At the same time, housing departments, such as Sheffield city council’s, will face pressure because unemployment will create more housing problems and more homelessness. The budgets of these departments will have been cut, yet they will have to deal with advising or re-housing people in desperate circumstances. What we have not had a clear answer to is whether people who have to move home because they cannot pay their rent as housing benefit no longer covers it will be considered intentionally homeless. That is a fundamental point, so can we have an answer on it please? Can we also have an answer on whether the Government really are going to change the homeless legislation as Lord Freud indicated in order to see their way out of this problem without local authorities having to have the responsibility of housing people? Those are fundamental issues.

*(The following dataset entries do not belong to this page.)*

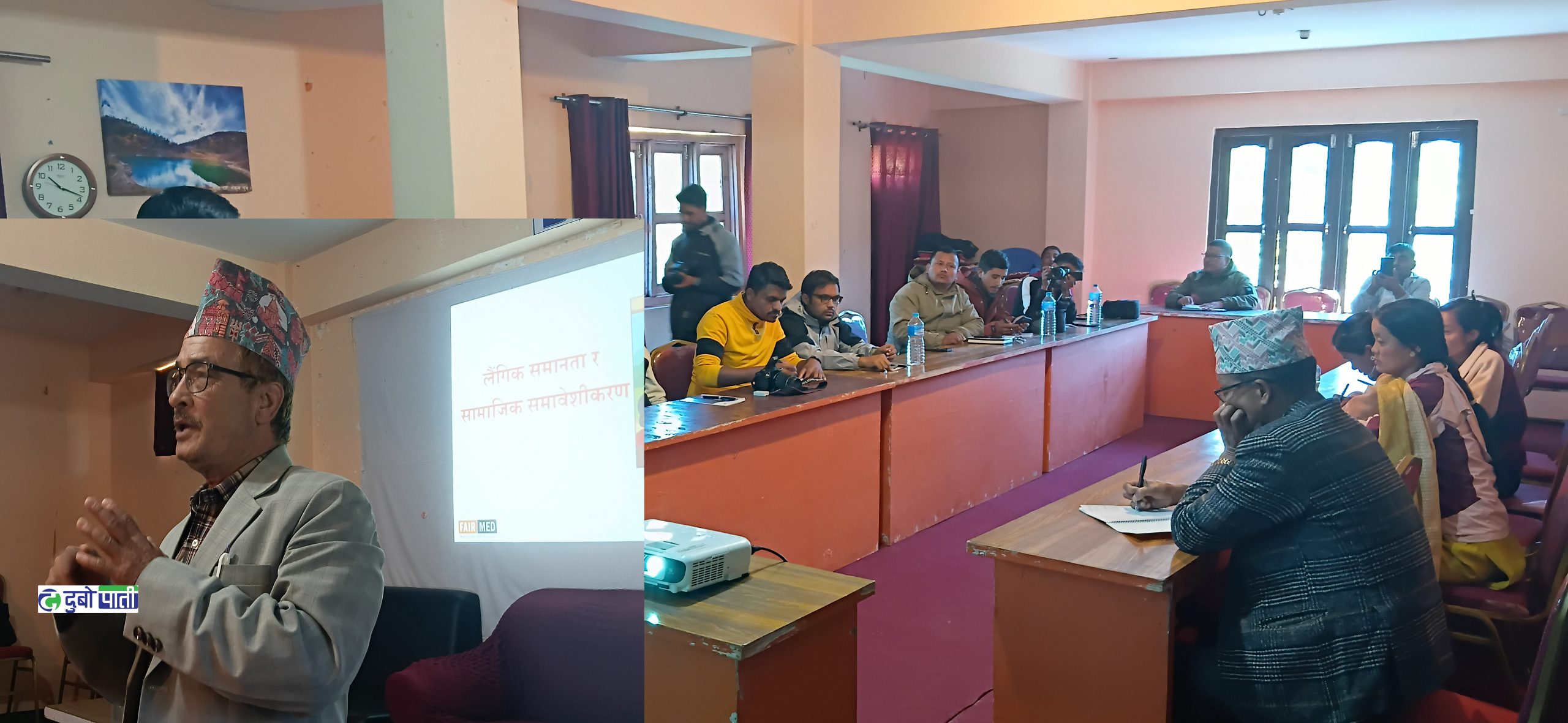 फेयरमेड फाउण्डेशन नेपाल रुकुमपूर्वका समावेशी तथा स्वास्थ्य प्रवद्र्धन अधिकृत दानबहादुर कार्कीले लैगिंक समानता र सामाजिक समावेशीकरण सम्बन्धी व्यवस्थाबारे प्रस्तुतिकरण राख्नु भएको थियो । कुनै पनि लैगिंक, जातिय, क्षेत्र र सामाजिक रुपले भेदभाव गर्नु नहुने र यदि भेदभाव गरेको पाएमा उक्त व्यक्तिलाई कानुनी सजाय के कति हुन्छ भन्नेबारे कार्कीले प्रस्तुतिकरण राख्नु भएको थियो । सभ्य नागरिक समाज निर्माण गर्नमा आम नागरिक एक भएर लाग्नु पर्ने कार्कीको भनाइ रहेको छ ।
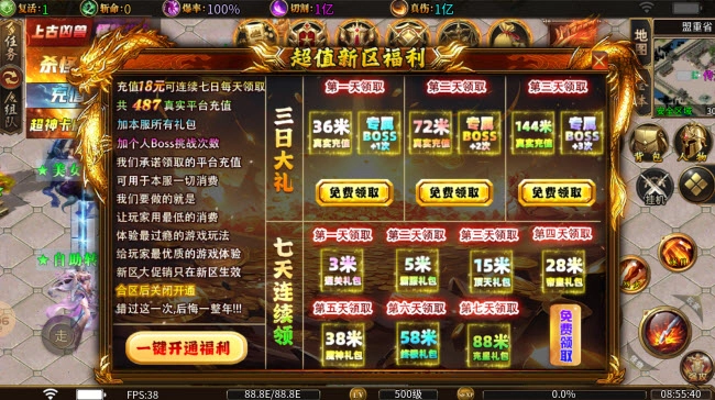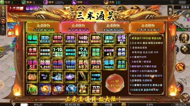 盛杨超超超变,属性堪称离谱,上线即赠切割,刷怪体验拉满,绝非秒杀流。各类酷炫霸气的装备武器均可通过打怪获取,海量游戏地图与副本等你探索,只要肯投入时间就能集齐所需物品,对散人玩家十分友好,零氪也能顺利通关,非常值得长期沉浸体验。
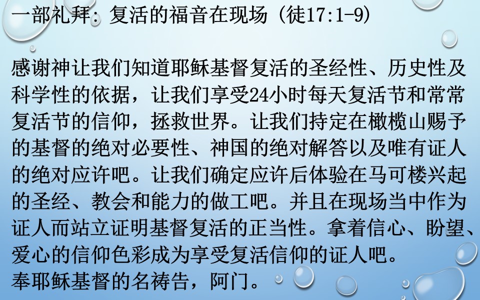 一部礼拜: 复活的福音在现场 (徒17:1-9)
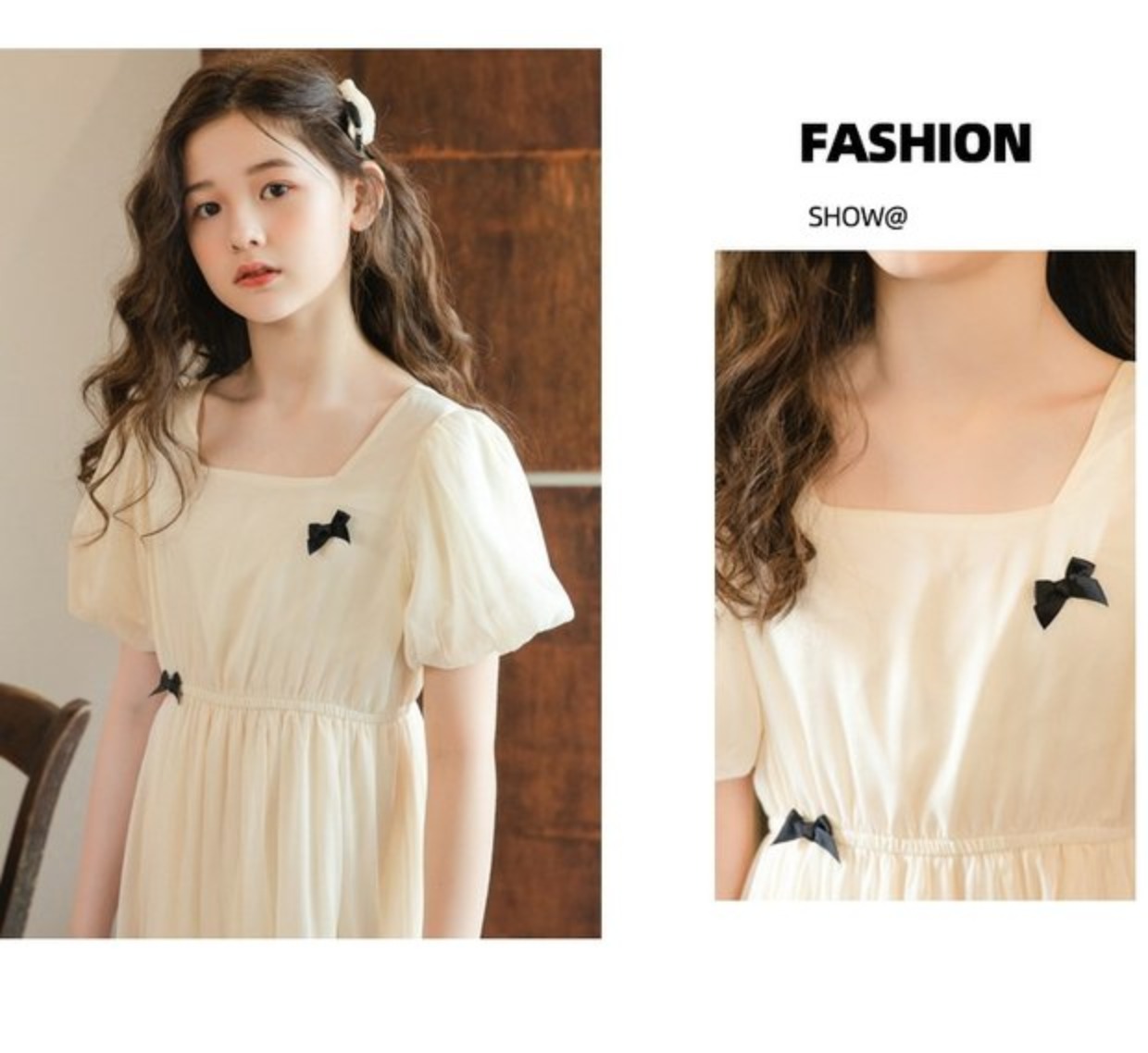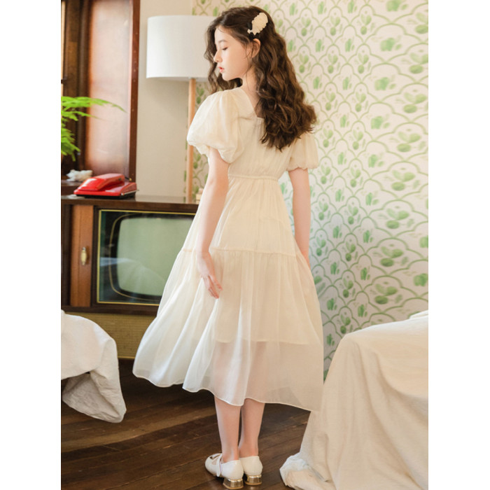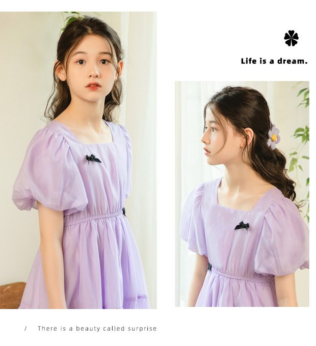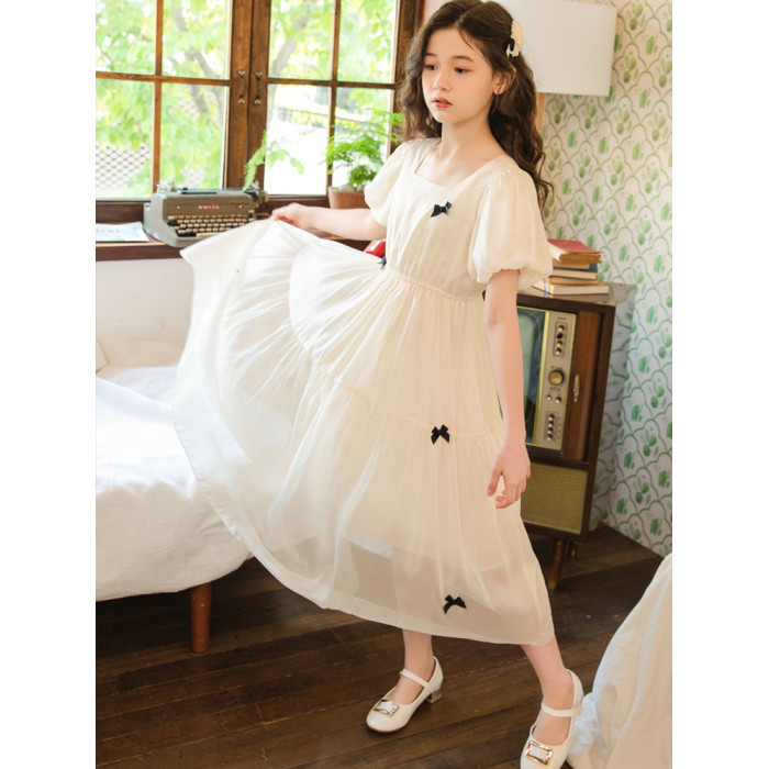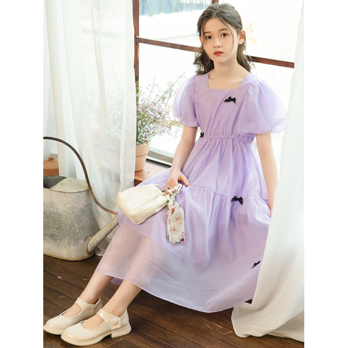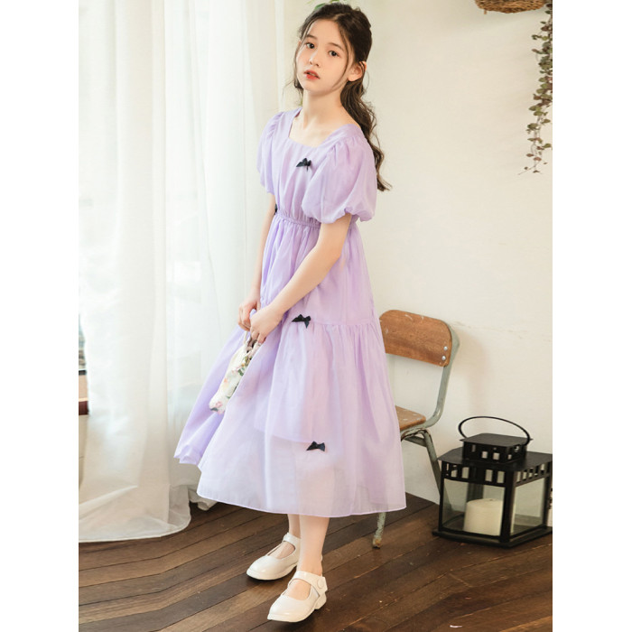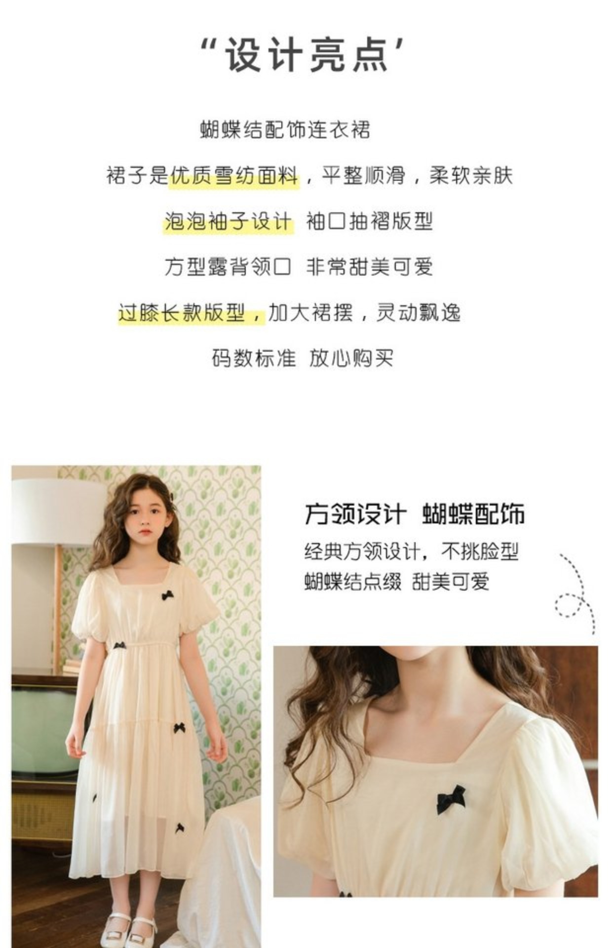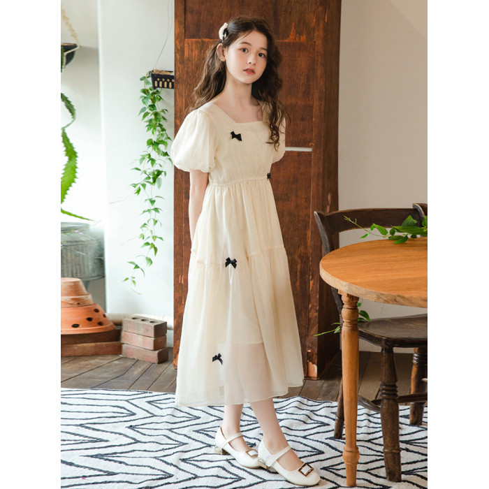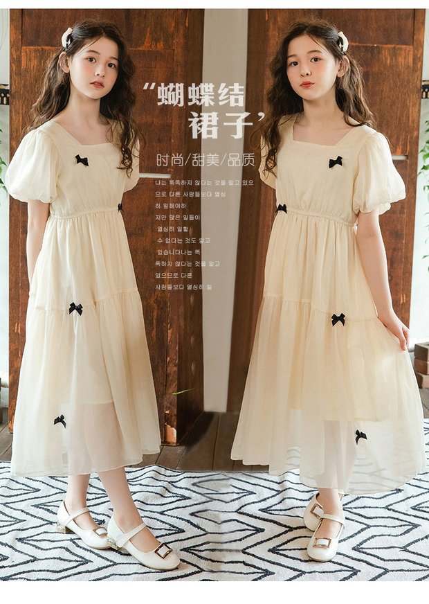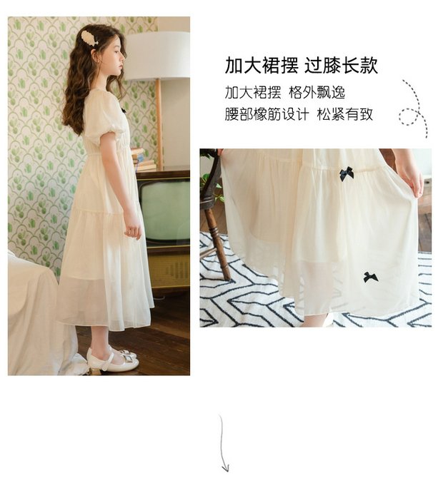 女童夏裝連衣裙2025新款大童公主裙洋氣沙灘女孩兒童過膝長裙裙子

Why is it necessary to punish the couple in their 50s who lose their jobs, whose family have left home and who are living in a three-bedroom council house? Why is their home at risk because they have lost their jobs and housing benefit will not cover their rent as they are deemed to be under-occupying? This is simply not fair. It is a vicious and nasty policy that is aimed at hard-working people who happen to be unemployed and who then need to be re-housed too. These benefit reductions are not part of any grand policy on welfare reform and they are certainly not part of any clear housing strategy. They are part of an unfair agenda driven by the Chancellor, who has simply cut the incomes of some of the poorest people in our communities.
My hon. Friend mentioned £21,000, but the average wage in the south-east is £17,000. The inflationary impact of housing benefit on those families has been huge.
My second point is that these rates have not seen an improvement in the housing stock. Some landlords are interested in the rental value rather than the capital appreciation because that gives them such a high return on their investment. Investing in the properties and in the fabric of them is therefore not a priority.
The third issue is the extreme concentration of housing benefit claimants in pockets in my constituency. That problem was brought up by my hon. Friends the Members for North East Hertfordshire (Mr Heald) and for Cardiff Central (Jenny Willott). We create micro-economies that attract a significant amount of housing benefit because property prices are so low and the return from housing benefit is proportionally high.
The current situation has fundamentally distorted housing in my area. The average wage in Thanet is £17,000 and housing benefits for the unemployed stand at more than £8,000 a year. Most working families cannot compete in that market.
Does my hon. Friend agree that one of the bizarre uses of the word “fair” during the whole debate has been the assumption that it is somehow unfair to people who are not working for them not to have better housing than those who are working? The whole point of this reform is to enable a level playing field in which people can live in the houses that they can afford from their work.